Erasing History

59  2017-06-24 by indianorphan

I was reading in my daughter's history book, and some of the things I saw, did not sit right with me. It seemed to me they left things out which in turn distorted the truth and manipulated our children's belief about said subject. Does anyone know of any historical facts that have been erased or one you think is being erased by destroying and manipulating words or pictures? Who could be doing this?

66 comments

Can you provide examples from your daughter's book first, please?

While we are waiting for the OP to do as you requested, I have a question for you: what is the oldest book you have read, with your own eyes? If it is less than 200 years (as is the case for most of us), why do you take that 'thousands of years of history' on faith?

When I lived in Paris & frequented Shakespeare & Company and got to know the (now late) owner, I did reach through some of the books in the rare book room that were older than 200 years, but they were all fiction, as I recall.

The oldest book I own is the second volume of the Freemasonry Dictionary, from the early 1910s.

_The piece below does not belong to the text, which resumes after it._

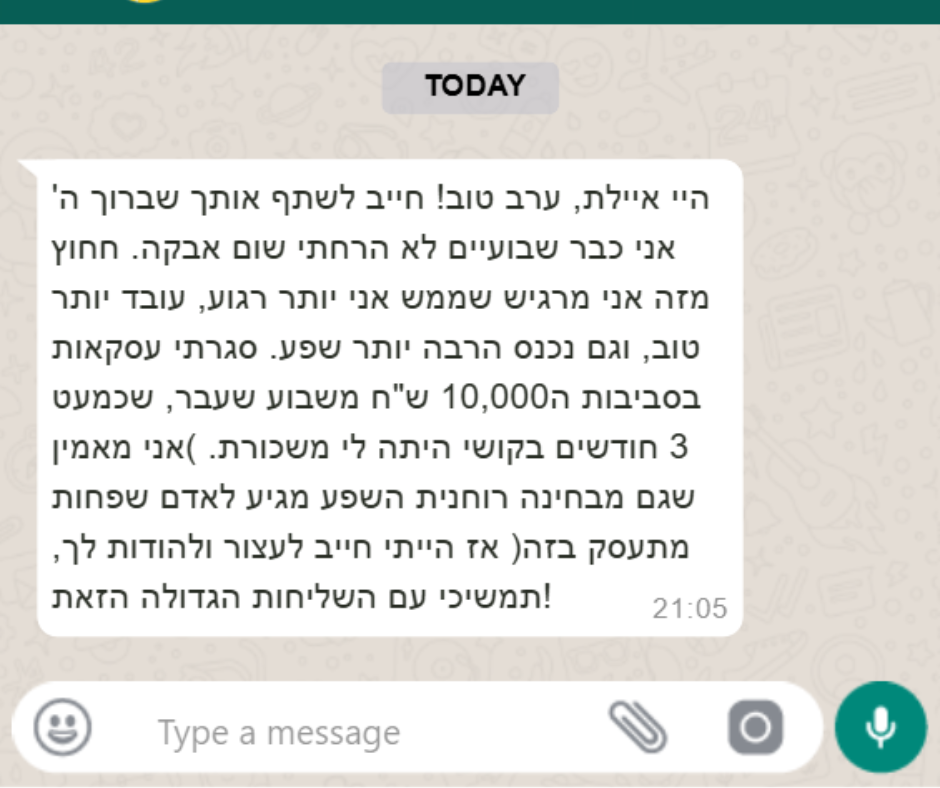 אבל מאחר ונפש האדם שונה מאחד לשני, כחלק מהתוכנית יש לכם תמיכה וליווי ממני במשך שנה, עד שהדבר הזה מאחוריכם.

Ooh? What's the most interesting thing you learned from the Freemasonry dictionary?

Honestly, it was kind of a letdown. I didn't really spend all that much time in it. I should go back for more.

This thread led me to check how old the oldest book I own is. I have some old spelling and grammar texts from 1886, but the oldest one is a "history" book.

Published 1883. Error's Chains: How Forged and Broken. A complete, graphic, and comparative history of the many strange beliefs, superstitious practices, domestic peculiarities, sacred writings, systems of philosophy, legends and traditions, customs and habits of mankind throughout the world, ancient and modern.

"From authentic and trustworthy authorities"

I'm sharing a few pictures because I think some people on this sub might get a kick out of the book.

This!

why do you take that 'thousands of years of history' on faith?

Because books tear apart over time and it's hard to pull a fast one with so many different publishers out there.

Happens all the time - history is written by the victors. Just check out any grade school textbook on Columbus...

Give it a couple more time and we'll learn the nazis lost in europe but then infiltrated the us gov, should be fun times ^

Operation paperclip. Good times.

gotta combine it with operation highjump and washington DC 1952 ufo sightings to complete the picture tho!

It really is a hard piece to swallow though, I hope we get some concrete evidence on that and not just dot connecting

Bring me to light here guys. What's all this? Even if just in bullet form please

What follows has yet to be 100% proven but seems to appear likely.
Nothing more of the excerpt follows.